I divieti dal bikini al burkini
Quando l’ideologia si fa diritto

Da Reset-Dialogues on Civilizations

Una volta, non molto tempo fa, era un reato andare in spiaggia troppo poco vestiti. Oggi, almeno in Francia, è un reato andare in spiaggia troppo vestiti. Il bikini e il topless erano banditi in nome del buon costume che imponeva alle donne di non scoprire troppo il proprio corpo. Il burkini, nelle parole primo ministro Manuel Valls, non è compatibile con il nuovo buon costume dei francesi, costituito dai valori della Repubblica e dell’emancipazione femminile. Una donna troppo coperta non è sufficientemente laica e indipendente. C’è qualcosa che non convince in tutto ciò.  O accettiamo il presupposto che tutte le donne che indossano il burkini non siano capaci di un giudizio autonomo oppure questa proibizione è altrettanto stupida come era quella, anni fa, del bikini. Il burkini non pone problemi di sicurezza, non viola la morale – qualsiasi essa sia –, non offende le convinzioni di alcuna persona. Perché proibirlo? Perché, come hanno scritto alcuni sindaci francesi, è un abbigliamento che manifesta in maniera eccessivamente vistosa la propria fede religiosa? E allora vieteremo anche alle suore di andare in spiaggia, a meno che non indossino un bikini?

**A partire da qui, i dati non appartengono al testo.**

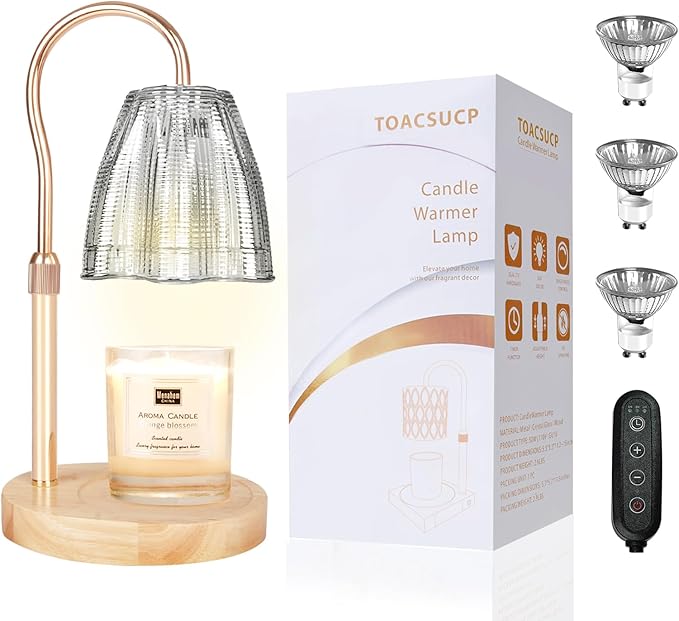 - [Enhanced Safety & Environmental Friendliness]: The TOACSUCP Candle Warmer Lamp utilizes a top-down thermal melting technique to melt candles. Compared to traditional burning candles, the candle warmer ensures a flameless and smoke-free experience, preventing fire accidents. The scented candle melts more evenly and provides a longer-lasting fragrance, creating a comfortable and safe living environment.

Ben più importante è la questione sollevata da Angela Merkel in riferimento al burka. Il timore che il velo integrale sia un ostacolo all’integrazione è fondato. Da solo, questo timore probabilmente non basta a fare scattare un divieto generalizzato: se così fosse dovremmo vietare anche molti altri tipi di abbigliamento. Ma in certe situazioni il velo integrale può essere un ostacolo alla comunicazione, che non è fatta soltanto di parole ma anche di espressioni del viso. Chi giocherebbe a poker con una persona di cui non fosse possibile vedere il volto? Vi sono rapporti – tra insegnante e studente per esempio – dove un aggrottare di ciglia, una smorfia, un sorriso valgono più di molte parole. Altre volte il burka pone problemi di sicurezza. A parte quelli legati al terrorismo, chi si sentirebbe tranquillo vedendo un donna con il burka alla guida di un’auto? In questi casi l’impoverimento della comunicazione o elementari ragioni di prudenza sono un motivo sufficiente per vietare il burka anche alle donne che lo indossano volontariamente.

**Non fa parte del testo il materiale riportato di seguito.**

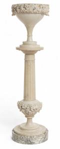 Pair of Italian Carved Alabaster Amphora Atop Matching Pedestal Bases, 20th C., H 43” Dia. 15”
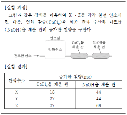 다음은 탄화수소 X ~ Z의 실험식을 구하는 실험이다.
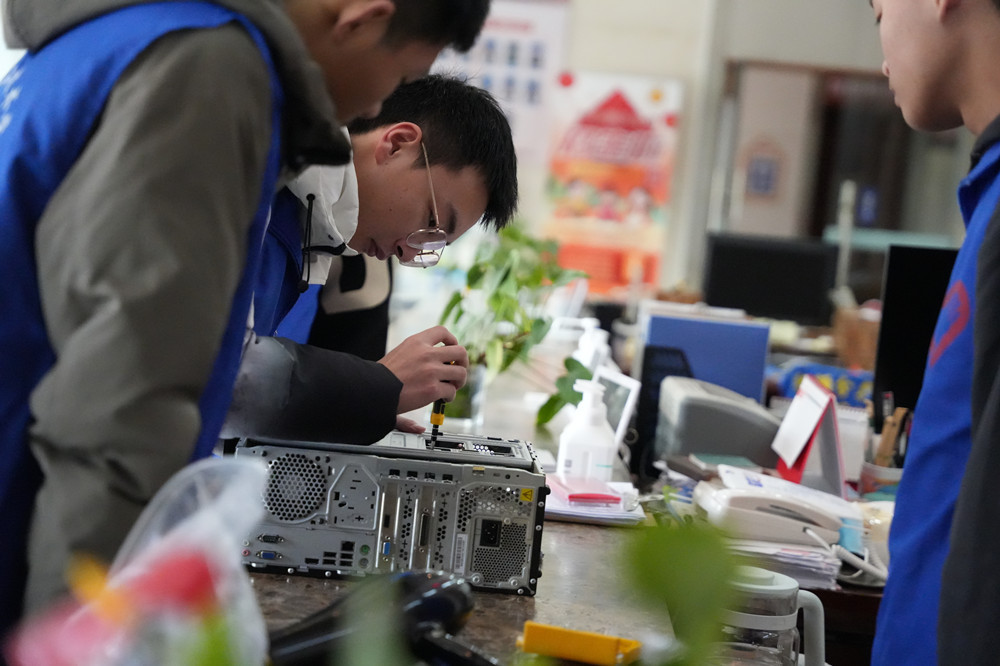在现场,E港的志愿者们发挥专业优势,为社区居民提供电脑机箱维修维护、手机贴膜等便民服务。拆装机箱、清理风扇,志愿者们手法干脆,熟练精湛。社区的居民们反响热烈,前来问询的人络绎不绝。

Si dirà che in questo modo non si affronta il nocciolo della questione, che è la posizione della donna nell’islam. Ma anche a volersi addentrare su questo terreno, che è più accidentato di quanto sembri, non credo uno Stato liberale possa affrontare questo problema a colpi di divieti, anziché attraverso un percorso di educazione. Trovo controproducente ed anche un po’ deprimente la tendenza ad ideologizzare l’uso del diritto nei confronti dei musulmani e di altre minoranze religiose. Quando si ha a che fare con le norme è indispensabile una buona dose di sano pragmatismo. Ed essa porta a concludere che non vi sono ragioni per proibire il burkini, mentre vi possono essere fondati motivi per vietare il burka quando esso ostacola la comunicazione o crea problemi di sicurezza.